Of course, the stock market has had its ups and downs since we began. October itself probably gave investors the biggest rollercoaster ride since that infamous October of 1987 and its Black Monday meltdown. Madge's pounds 5,000 invested on 6 October in that nice Mr Branson's Virgin tracker fund would have been looking a rather deflated pounds 4,627 by the end of the month - a heart-stopping pounds 373 loss in 29 days. If you had been desperate for cash in early November you would probably have been put off equity investment for life.

Which brings us to lesson two. The stock market rewards the patient, the committed and the steely-nerved. There are ways to get rich quick through shares and their racier derivatives, but don't think you can just invest and forget. Penny shares, warrants, options and the like require a semi-professional approach and constant vigilance. They are not for the faint hearted.

The rest of us - prepared to put some effort into picking shares, but not to spend every waking hour worrying about it - need to do some soul- searching. How much can we afford to lose? The resulting figure should represent our pot for speculation.

Then ask: "How big a gambler am I really?" If you are still uncertain, safe blue chips like Marks & Spencer or Barclays may be the biggest risk you should take. Better still, test the water with a collective fund like an investment or unit trust which spreads the risk for a modest investment.

More adventurous types will quickly become bored with this. If you want rocket-propelled excitement, growth shares are probably your bag. Technology stocks like Misys, Admiral and Eidos would have given you a run for your money in the past year, having comfortably doubled in that time.

But remember the wealth warning from the regulator clearly displayed on every investment wrapper: "Past performance is not necessarily a guide to the future." Shares that shoot up one minute, or even for years, can crash down again in short order. No investor should forget "comet stocks" like Poseidon, Polly Peck and Bre-X. An investment, to be a good one, must have a credible story, credible management and credible financial backing.

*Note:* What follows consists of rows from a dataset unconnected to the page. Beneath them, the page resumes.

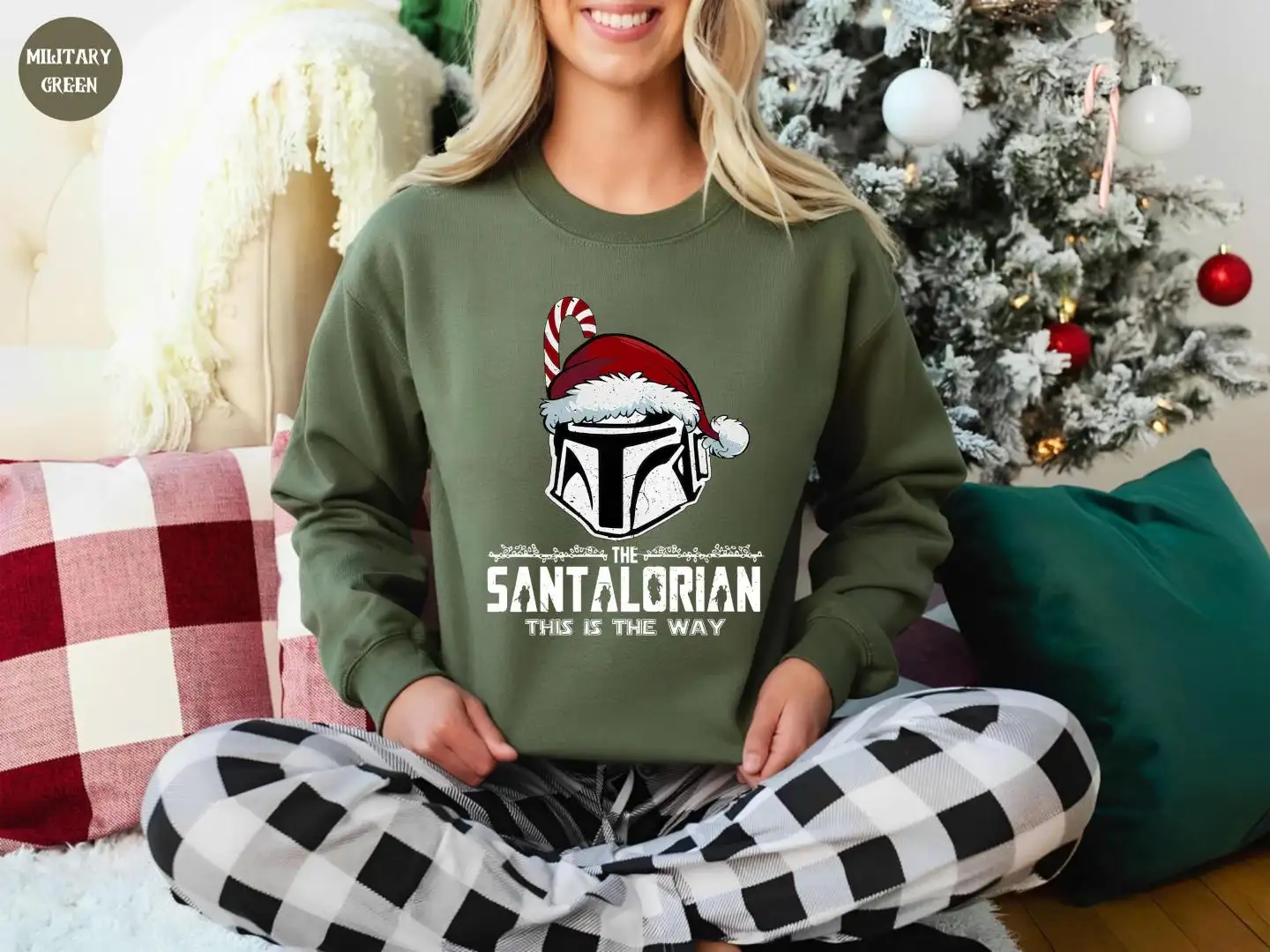Review Santalorian Star Wars Christmas Shirt, Christmas Men Gift, Disney Christmas Shirt, Disneyland Trip Shirt, Mandalorian Christmas Shirt, WDW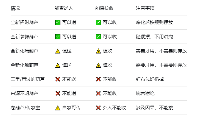 各位缘主,葫芦虽小,风水事大。送人葫芦也好,收人葫芦也罢,都要多一个心眼——问清来源、辨明新旧、分清功能、按规处理。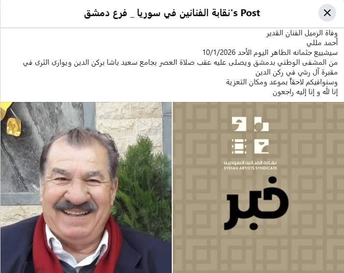نعت نقابة الفنانين السورية الفنان السورى أحمد مللى، والذي رحل خلال الساعات القليلة، ونشرت بيانا صحفيا عبر صفحتها الرسمية على الفيسبوك.
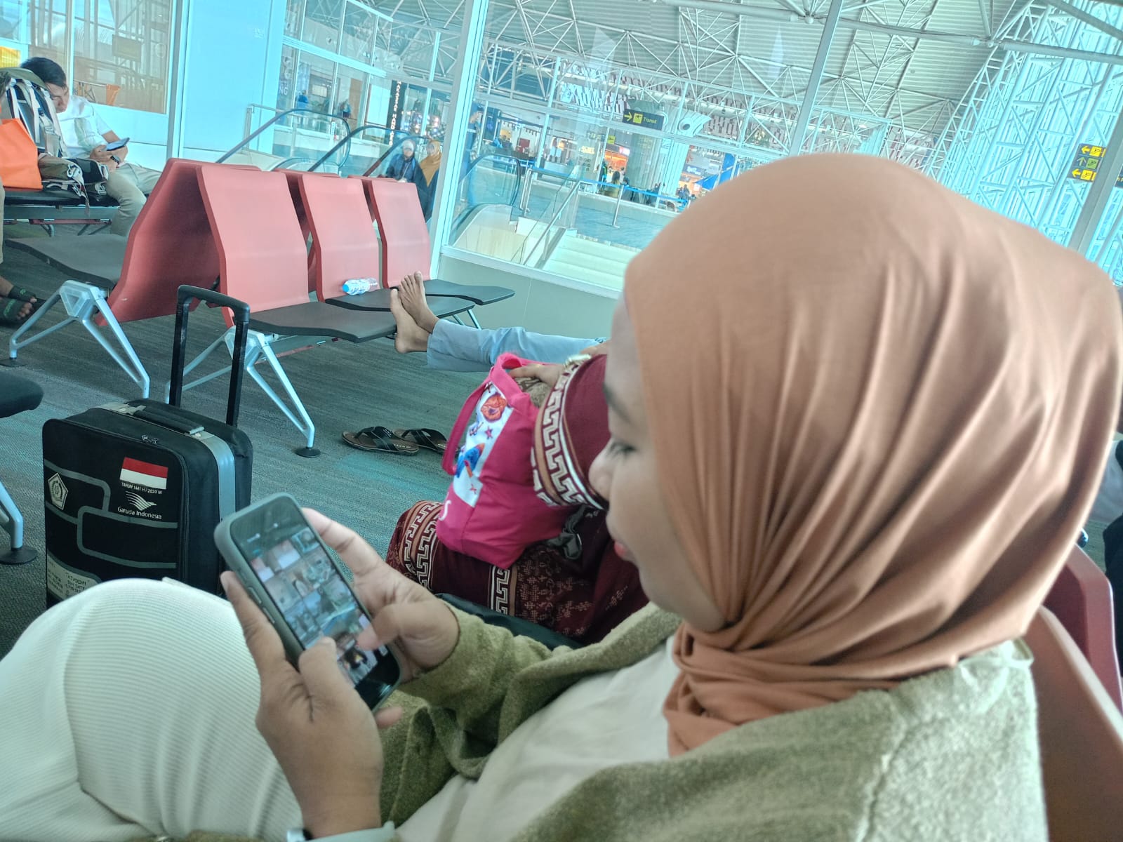 REPUBLIKNEWS.CO.ID, MAKASSAR — Seorang perempuan duduk tenang di kursi metal berlapis kulit hitam. Di antara hiruk pikuk penumpang di Gate 6, Bandara Internasional Sultan Hasanuddin, tidak mempengaruhi konsentrasinya memainkan ponsel pintarnya.
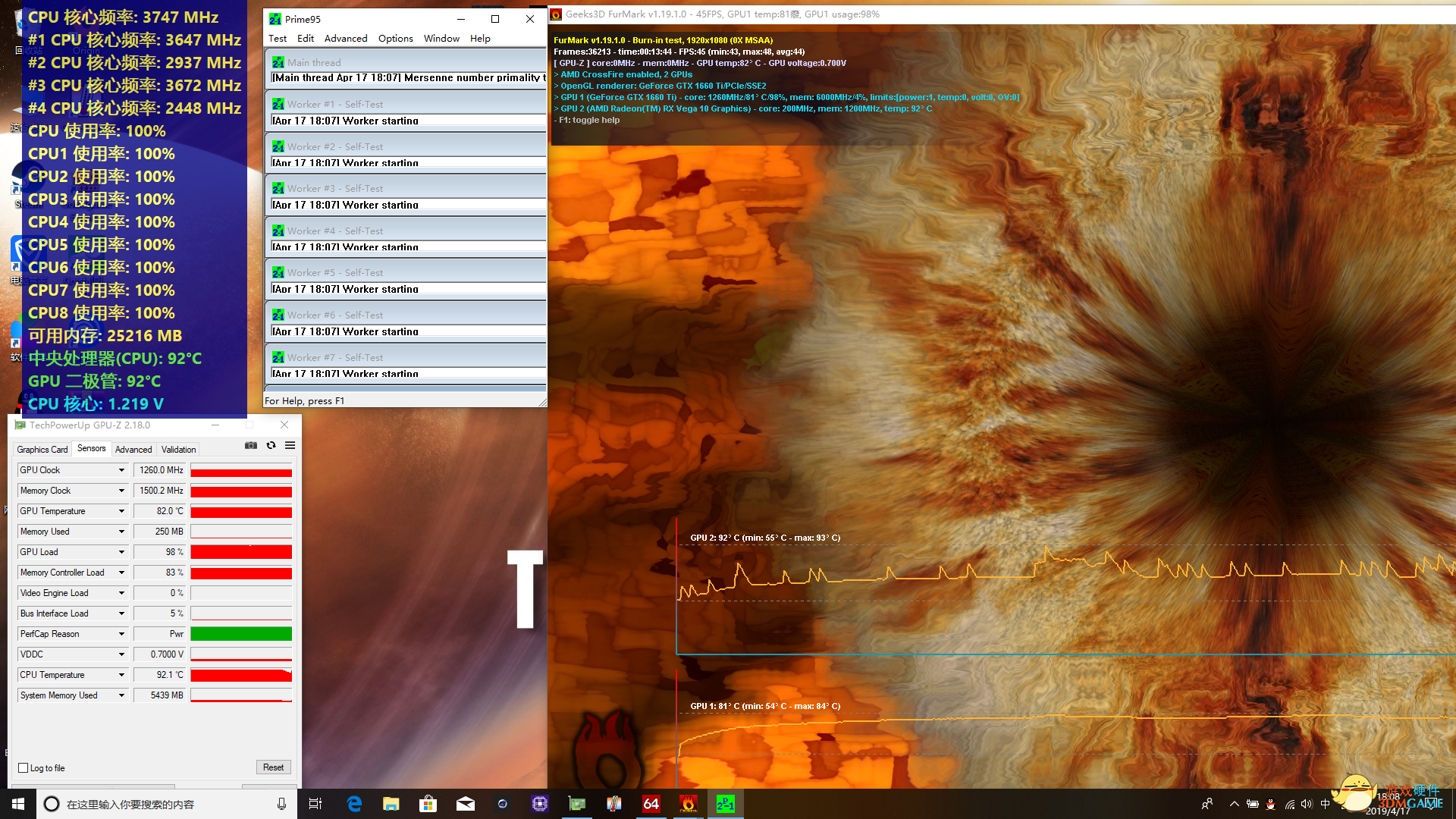 CPU+显卡双拷测试中,CPU温度最高92℃,频率有所下降,其中有两个核心降频略多一些;显卡温度可以保持在81℃,这个温度不算非常凉爽,还有一定的提升空间。

Remember also that the stock market is as much prone to fashion as anything else. A punter who had been asleep for the past 10 years would not recognise the scene today. Hanson, once king of the conglomerates, is now reduced to quarrying stones. BTR is stumbling along with the walking wounded, while clearing banks like Barclays enjoy star status.

Of course, the attractions of many businesses have changed in the 1990s. But the transformation in financial services is not enough to explain why banks had single-digit price-earnings ratios in the 1980s and are now honoured with values in the high teens or low twenties.

Fundamentals do matter, of course. High-yielding shares are an excellent example: a yield much above the market average, currently 2.9 per cent, should trigger alarm bells about the company or its prospects.

Even so, high yields (meaning a low share price) are often an over-reaction by the market to bad news. Very often the shares bounce back: - indeed the FT-SE 350 High Yield Index was the best-performing major index last year, producing growth of nearly 26 per cent.

This is where those steely nerves come in. A buyer of T&N, the former asbestos group, for instance, when its shares were yielding a chunky 6 per cent plus last summer, would have since doubled his money. It helped, of course, that an outside bidder saw value where the stock market feared to tread.

So should the bravehearts continue to pile into the market, or is discretion the better part of valour? The gloomsters say the rise in gross domestic product could crash from 3.5 to 4 per cent last year to as little as 2 per cent this: hard to reconcile with average p/e ratios in the 20s and yields below 3 per cent for only the third time in 25 years. The last time shares gave so little income was ahead of the 1974 and 1987 crashes. You have been warned.